I have family in the U.K. who saw signs saying “No Blacks, No Irish, No Dogs.” My aunts grew up knowing that if you strolled down an unknown street and saw an English flag in a window, you ran in the other direction. When I moved here 11 years ago, I found connections with other black people who were home but not quite British. Some, like me, had migrated to this country later in life. Some were born into immigrant families. Others could trace their history in the U.K. back many generations. Regardless of how and when we came, the overwhelming narrative from the media and politicians was that immigration in the U.K. became “a problem” with the arrival of Caribbean migrants in 1948 on the SS Empire Windrush. This was supposedly the first significant wave of “migration” to the U.K., when people from colonies were brought in to make up for the labor shortage. They were told that this was the capital of “their” empire, a part of the “Commonwealth.”

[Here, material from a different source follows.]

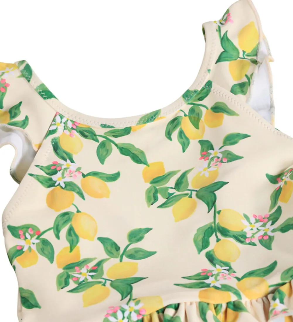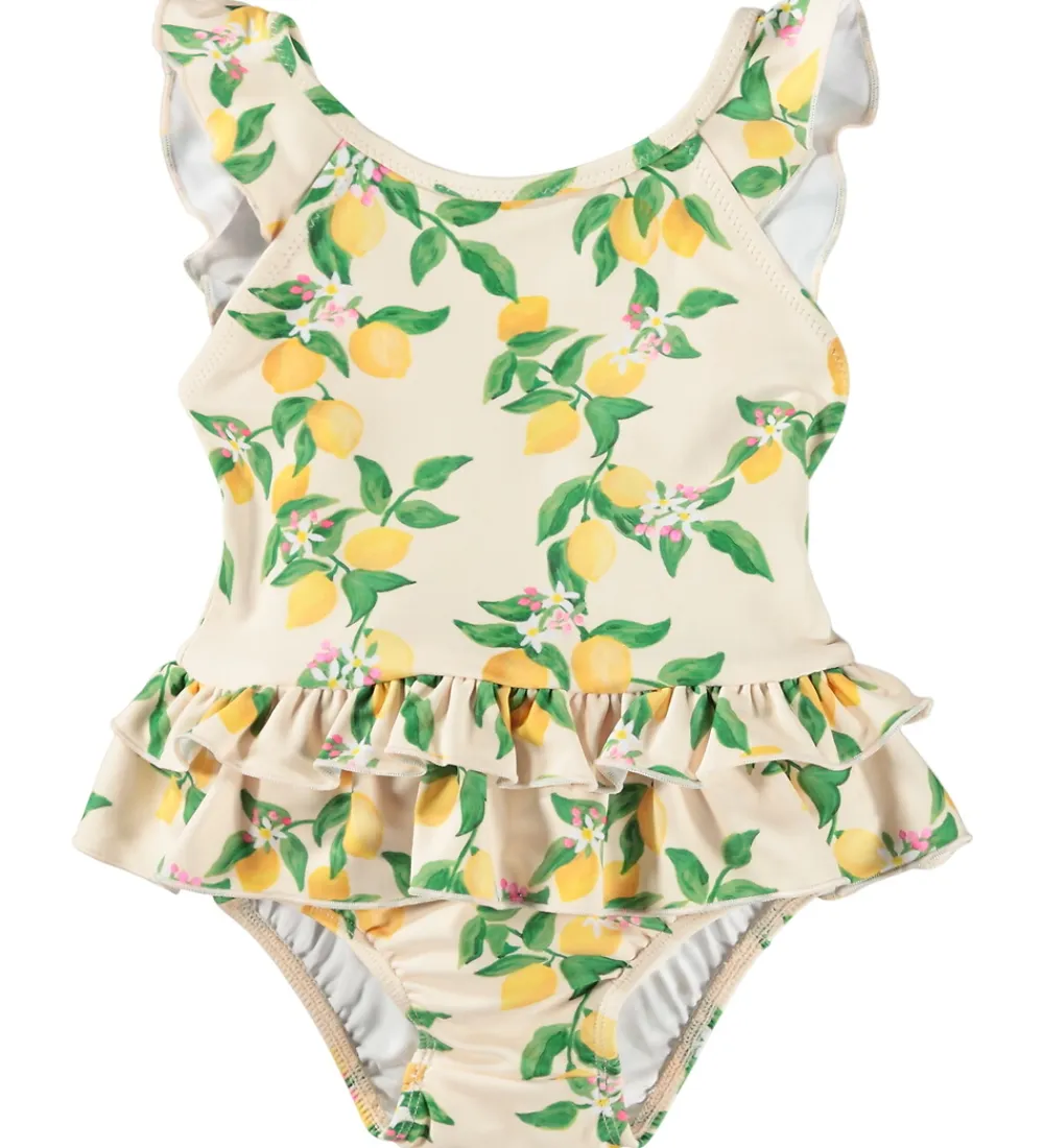 Elegant Molo badedragt med et smukt citronprint i gule og grønne nuancer på en lys baggrund.

Once here and attempting to build lives, these (post)colonial migrants were met with widespread racism, with the most famous example being British politician Enoch Powell’s controversial 1968 “Rivers of Blood” speech, where the “growth of the immigrant descended population” led him to argue that the U.K. was “a nation busily engaged in heaping up its own funeral pyre.”
It’s telling that members of the U.K. Independence Party, one of the more explicit right-wing parties over here, and its leader, Nigel Farage (one of the loudest Brexit voices), have long been connected to Powell. And yet, the national conversation about immigration is rarely connected to the U.K.’s history of imperialism. Instead, we keep feeding ourselves the myth that racism is only a problem “over there,” in the U.S., with its history of slavery (somehow distinct from the British government’s role in the trans-Atlantic slave trade) and, now, a politician like Donald Trump. Britain’s own long and violent relationship with former colonies gets swept under the rug, enabling 25% of the British public to say that colonialism was neither good nor bad, and a full 43% to see it as a positive thing.